Task item:
Please copy the data below exactly, from its first line through the line holding "在全面学习贯彻宣传党的十九大", and skip the pictures.

Collected data entries:
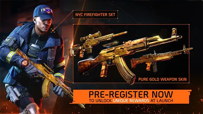 3月31日のローンチまでに事前登録をすると、限定アイテムの“NYC Firefighter Set”と“Pure Gold Weapon Skin”が贈呈されます。 どちらもスキンなので性能に影響はありません。
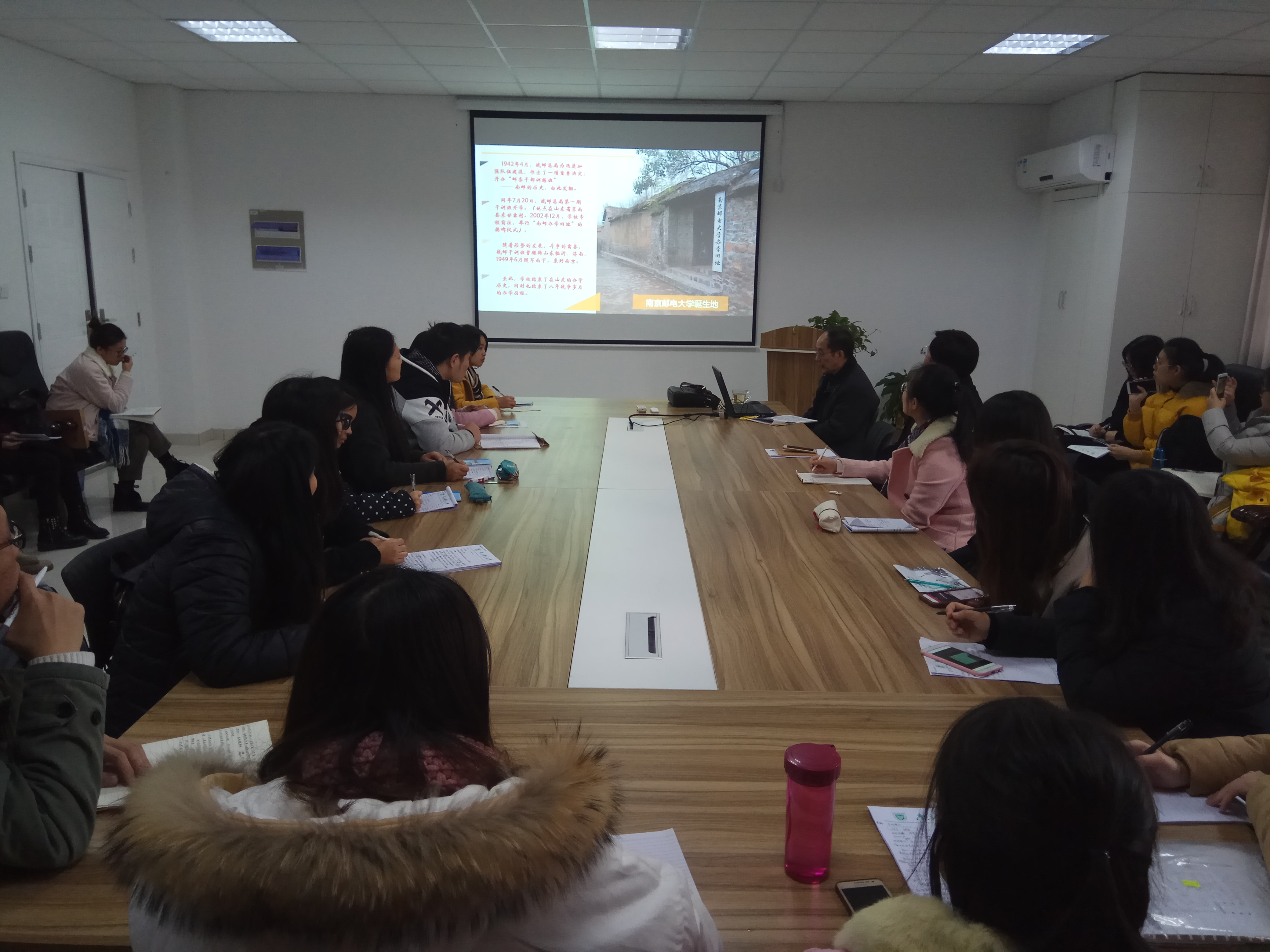 在全面学习贯彻宣传党的十九大精神之际,冰球突破mg正规官网第346期暨冰球突破mg正规官网第6期入党积极分子党校培训班于12月6日正式开班。学院党委、关工委有幸请到了校关工委颜福康老师主讲“艰苦奋斗,砥砺前行——南邮校史与南邮精神”作为开班第一课。颜老师是原校办主任,也是《冰球突破mg正规官网校史》编者之一。
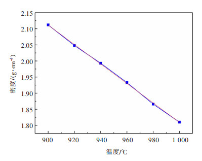 2 结果与讨论 2.1 温度对AlF3-(Li, Na)F-(Al2O3-Y2O3)熔盐体系密度、电导率及黏度的影响综合文献[22-23]的研究结果,可知在900~1 000 ℃温度范围内,Y2O3在不同比例的NaF-AlF3-LiF体系中的溶解度为2.0%~5.0% (质量分数) 之间; Al2O3在冰晶石体系内的溶解度在7.0%~10.0%(质量分数)之间。因此,实验过程Al2O3和Y2O3质量分数分别为10.0%和5.0%,均为饱和状态。
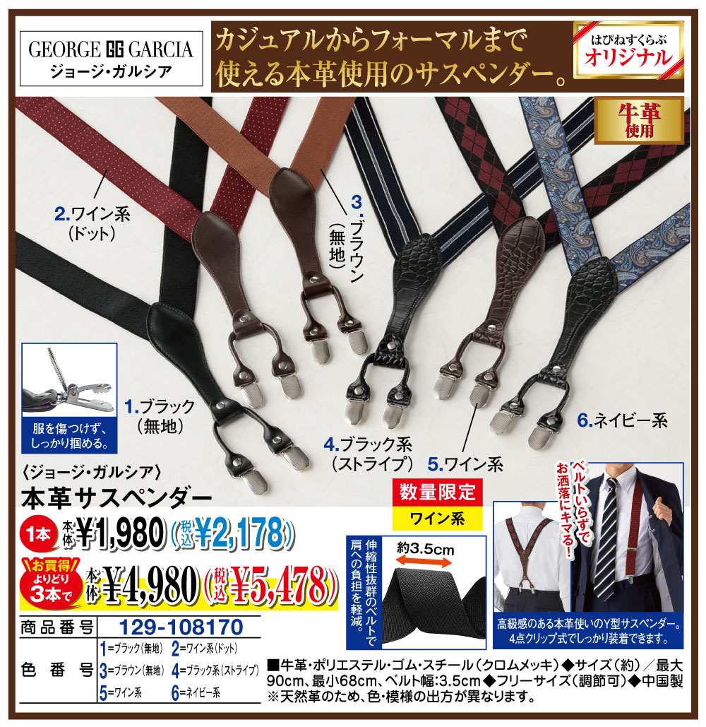 カジュアルからフォーマルまで使える本革使用のサスペンダー!
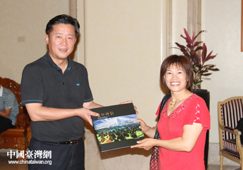 中国台湾网6月13日消息 日前,黔西南州赴台考察团看望了黔西南州籍出嫁到台湾的同乡何丽女士,与其亲切交谈,询问其在台湾生活工作情况并带去了家乡“盘江神韵”画册和布依族手工制绣三件套。

Solution to this exercise:
 3月31日のローンチまでに事前登録をすると、限定アイテムの“NYC Firefighter Set”と“Pure Gold Weapon Skin”が贈呈されます。 どちらもスキンなので性能に影響はありません。
 在全面学习贯彻宣传党的十九大精神之际,冰球突破mg正规官网第346期暨冰球突破mg正规官网第6期入党积极分子党校培训班于12月6日正式开班。学院党委、关工委有幸请到了校关工委颜福康老师主讲“艰苦奋斗,砥砺前行——南邮校史与南邮精神”作为开班第一课。颜老师是原校办主任,也是《冰球突破mg正规官网校史》编者之一。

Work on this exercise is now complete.